Wednesday, August 29th, 2012
It’s almost time to head back to the classroom, but what if your child has been held back a year? He wouldn’t be alone: Approximately 10% of K–8 students have repeated a grade, according to recent data from the National Center for Education Statistics. Help your child adjust with these tips from Margret Nickels, Ph.D., Director of the Center for Children and Families at the Erikson Institute in Chicago.
- Frame the situation positively. Try saying something like, “You know how it was so hard for you to pay attention and read? We’re going to give you a little more time to learn. You’ll feel less stressed because your brain is now in a better place to learn all of these things. It will be easier for you to do the things we’re asking of you.”

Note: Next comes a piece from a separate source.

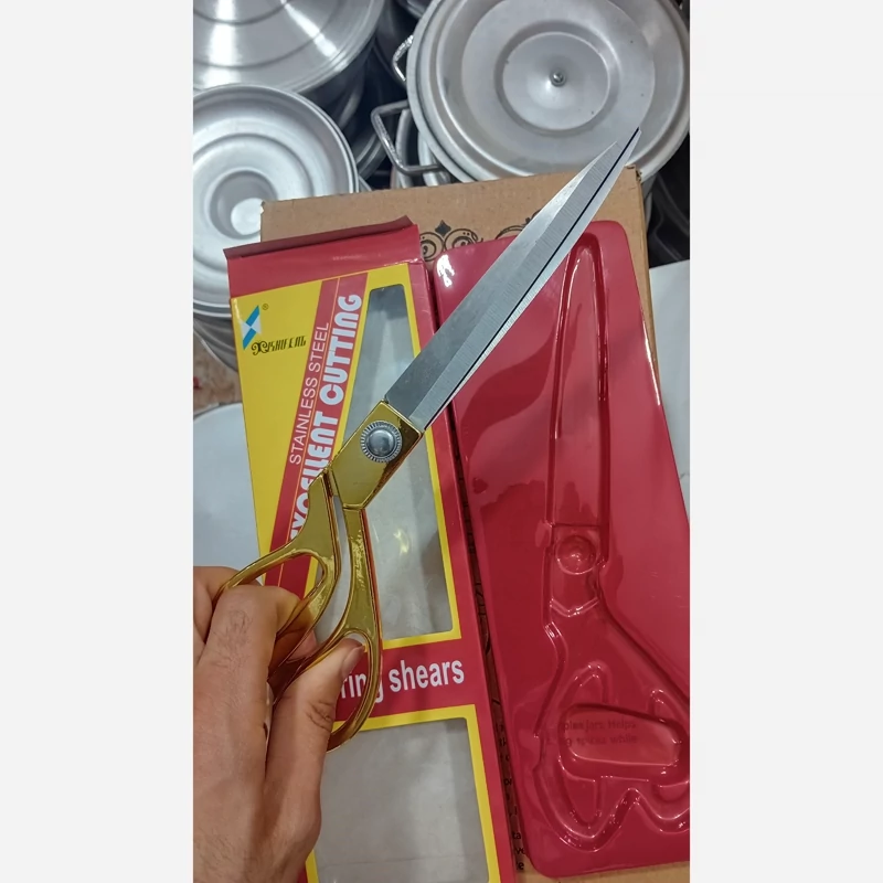 قیچی تیزوبرنده خارجی دم های تیز جنس اهن تمام مناسب خیاطی وسایرکارها کیفیت عالی قیمت مناسب رنگ طلایی ارسال به سراسرکشور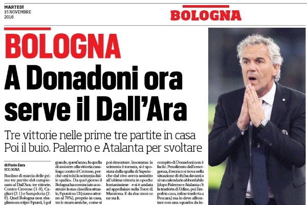 Corriere dello Sport: “Bologna, a Donadoni ora serve il Dall’Ara. Tre vittorie nelle prime tre partite in casa, poi il buio. Palermo e Atalanta per svoltare”

- Boost your kid’s self-esteem. “By ages 7-8, kids start to compare themselves to others in terms of competition—who’s smartest, who’s best at sports—so issues of shame and failure becomes more pronounced,” says Dr. Nickels. Help your child reflect on things that he’s great at, whether it’s drawing or riding his bike.
- Facilitate friendships. Ease your child’s social fears by helping her get to know her new classmates. Arrange playdates with neighborhood kids in the same grade. You can also enlist the teacher’s help. If another student shares your daughter’s love of soccer, maybe the teacher can suggest that they kick the ball around during lunchtime. If your student is worried about missing her old friends, remind her that they can meet up at recess or after school.
- Blame your child. Kids are held back for lots of reasons, including behavioral, academic, and social issues. But it’s never productive to accuse your child of not trying hard enough.
- Get discouraged. “Parents shouldn’t view this as a failure, but as a new opportunity,” says Nickels. “Repeating a grade can give your child the foundation and the space to develop at their own pace.” Focus on the ultimate goal: fostering an environment in which your child can flourish.